Please write out exactly the lines from the opening of the listing through the line that holds "за различни комбинации.", including both, and nothing else; no pictures.
= Beginning of Section =
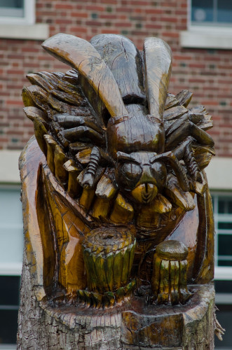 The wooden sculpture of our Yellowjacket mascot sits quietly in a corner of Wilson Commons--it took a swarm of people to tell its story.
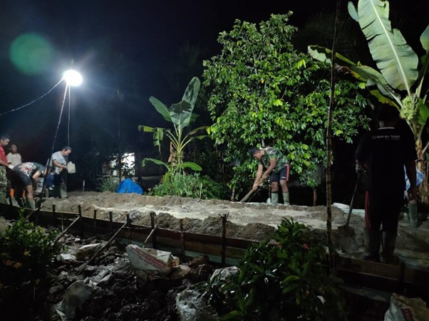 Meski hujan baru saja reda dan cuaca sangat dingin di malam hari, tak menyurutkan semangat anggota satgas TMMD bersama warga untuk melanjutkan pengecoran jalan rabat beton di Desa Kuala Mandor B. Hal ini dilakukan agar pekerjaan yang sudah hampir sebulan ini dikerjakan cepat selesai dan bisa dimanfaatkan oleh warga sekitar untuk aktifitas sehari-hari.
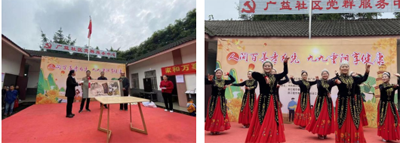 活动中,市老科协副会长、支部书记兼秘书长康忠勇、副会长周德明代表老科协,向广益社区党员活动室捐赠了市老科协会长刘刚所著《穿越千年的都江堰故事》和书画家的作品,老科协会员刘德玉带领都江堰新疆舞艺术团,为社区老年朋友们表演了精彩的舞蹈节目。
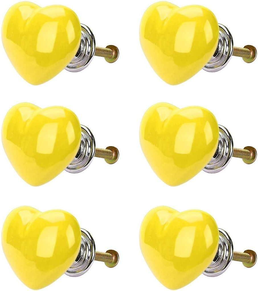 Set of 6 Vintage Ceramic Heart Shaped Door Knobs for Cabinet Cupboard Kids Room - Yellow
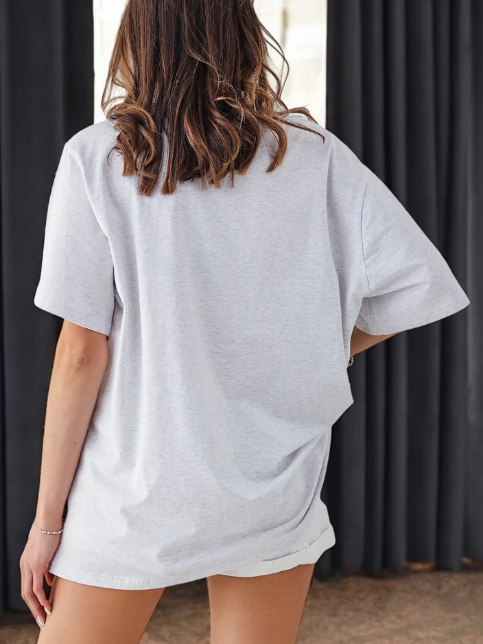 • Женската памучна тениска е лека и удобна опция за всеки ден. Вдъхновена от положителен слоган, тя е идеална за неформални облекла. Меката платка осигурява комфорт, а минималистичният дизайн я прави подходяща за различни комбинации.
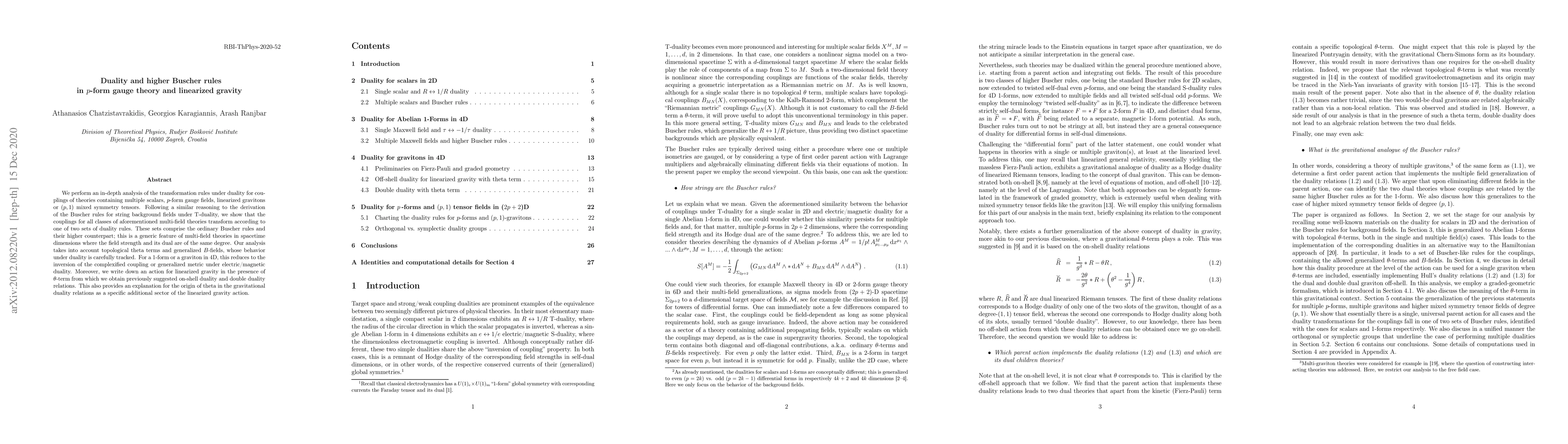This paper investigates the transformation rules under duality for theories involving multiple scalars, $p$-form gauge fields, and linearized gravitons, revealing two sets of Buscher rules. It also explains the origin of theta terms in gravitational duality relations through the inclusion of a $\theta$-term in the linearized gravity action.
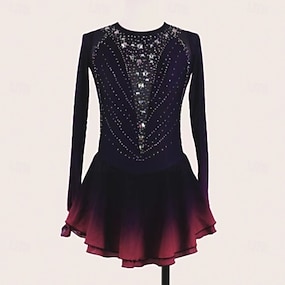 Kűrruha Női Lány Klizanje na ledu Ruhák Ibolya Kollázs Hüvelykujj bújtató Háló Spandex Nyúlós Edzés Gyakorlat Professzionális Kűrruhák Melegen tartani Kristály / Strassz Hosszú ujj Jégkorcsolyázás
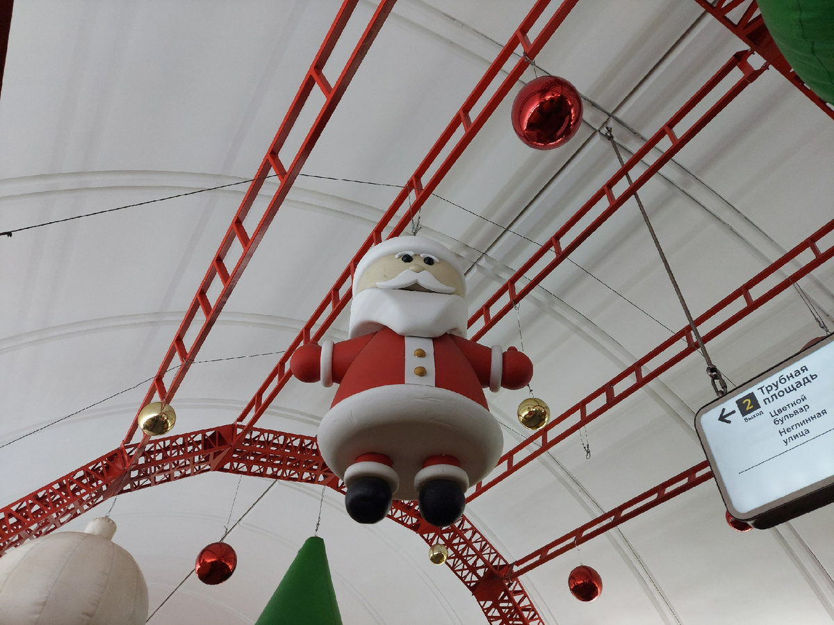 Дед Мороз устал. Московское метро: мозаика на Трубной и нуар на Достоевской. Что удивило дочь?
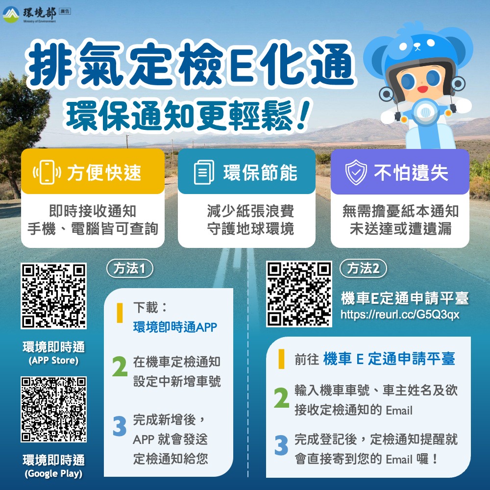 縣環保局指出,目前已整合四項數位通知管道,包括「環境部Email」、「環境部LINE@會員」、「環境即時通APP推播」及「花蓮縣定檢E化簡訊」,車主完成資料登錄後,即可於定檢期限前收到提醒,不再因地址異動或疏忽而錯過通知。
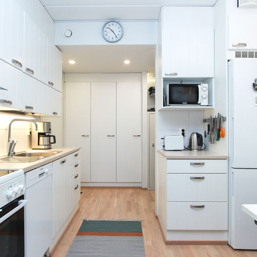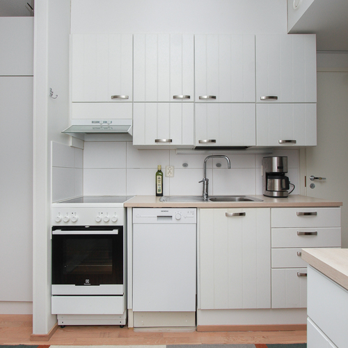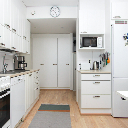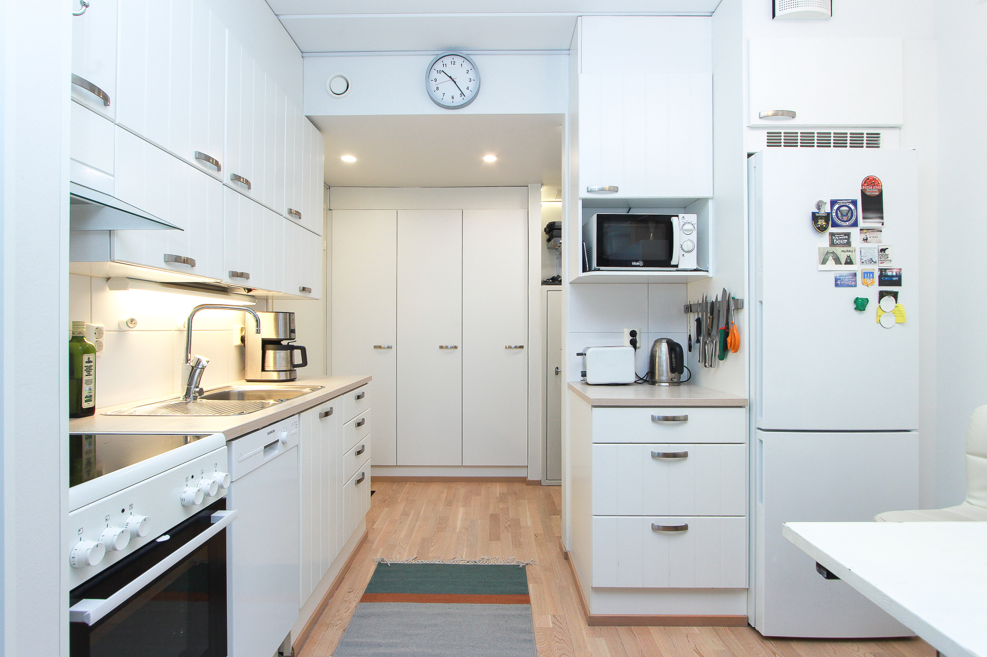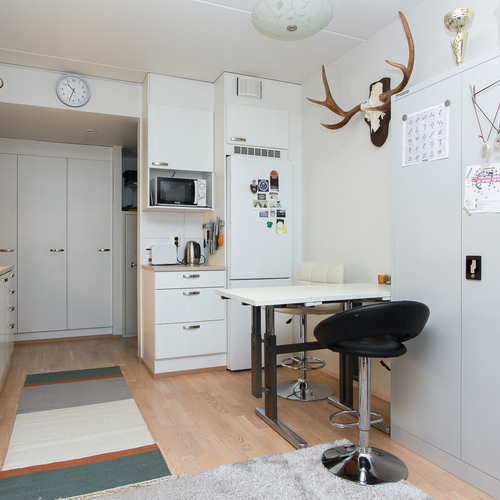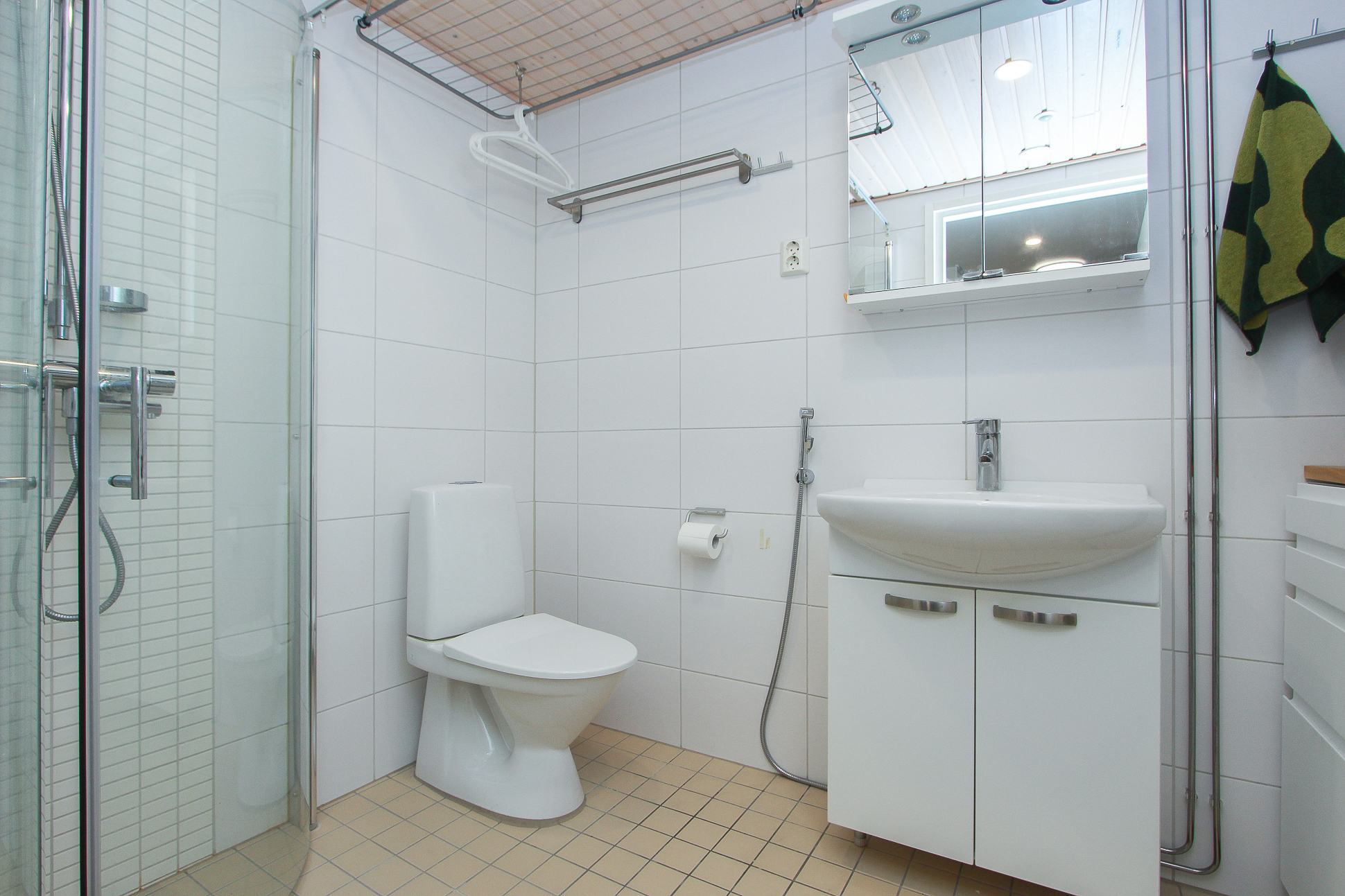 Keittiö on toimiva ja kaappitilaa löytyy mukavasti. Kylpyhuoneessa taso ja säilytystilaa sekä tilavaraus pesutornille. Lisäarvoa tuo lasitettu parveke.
= End of Section =
### [Solution for this problem]
 The wooden sculpture of our Yellowjacket mascot sits quietly in a corner of Wilson Commons--it took a swarm of people to tell its story.
 Meski hujan baru saja reda dan cuaca sangat dingin di malam hari, tak menyurutkan semangat anggota satgas TMMD bersama warga untuk melanjutkan pengecoran jalan rabat beton di Desa Kuala Mandor B. Hal ini dilakukan agar pekerjaan yang sudah hampir sebulan ini dikerjakan cepat selesai dan bisa dimanfaatkan oleh warga sekitar untuk aktifitas sehari-hari.
 活动中,市老科协副会长、支部书记兼秘书长康忠勇、副会长周德明代表老科协,向广益社区党员活动室捐赠了市老科协会长刘刚所著《穿越千年的都江堰故事》和书画家的作品,老科协会员刘德玉带领都江堰新疆舞艺术团,为社区老年朋友们表演了精彩的舞蹈节目。
 Set of 6 Vintage Ceramic Heart Shaped Door Knobs for Cabinet Cupboard Kids Room - Yellow
 • Женската памучна тениска е лека и удобна опция за всеки ден. Вдъхновена от положителен слоган, тя е идеална за неформални облекла. Меката платка осигурява комфорт, а минималистичният дизайн я прави подходяща за различни комбинации.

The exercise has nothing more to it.